The human genome can be likened to an enormous library. Until recently, scientists could read only a small fraction of its 'books'—those that contain instructions for making proteins (about 2% of the total DNA). This is where researchers typically looked for mutations responsible for hereditary heart diseases. For such variants, well-established international criteria exist to assess their risk and identify mutations that drive disease progression. But what about the remaining 98%? For a long time, these regions were dismissed as 'empty pages' or 'genetic junk.' However, it has become clear that they are far from useless: they function as switches and volume controls, regulating how actively genes are expressed. Disruptions in these regions can significantly affect the functioning of the heart, blood vessels, and blood.

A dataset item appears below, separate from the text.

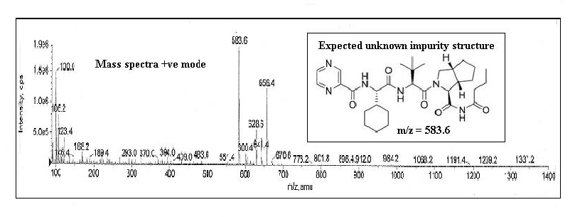 From LC-MS data the unknown impurity which was observed in Water degradation sample shows protonated molecular ion at m/z = 583.6. The possible expected structure of the unknown impurity (m/z = 583.6) was shown in fig. 10. Peak purity plots along with spectrums for Telaprevir, R-Telaprevir and unknown impurity (m/z = 583.6) peaks were shown in fig. 11.

The challenge was that scientists were previously unable to determine which of these 'invisible' mutations were truly harmful and which were benign. As a result, many cases of heart disease remained unexplained due to the inability to analyse non-coding variants, ie those that do not contain direct instructions for protein synthesis. Researchers at the HSE FCS AI and Digital Science Institute have proposed a software solution that, for the first time, enables large-scale, accurate analysis of these 'silent' regions in the context of heart health. The software leverages state-of-the-art generative models—the technology underlying popular neural networks—to predict the effects of mutations in regulatory DNA regions and assess their impact on cardiovascular function.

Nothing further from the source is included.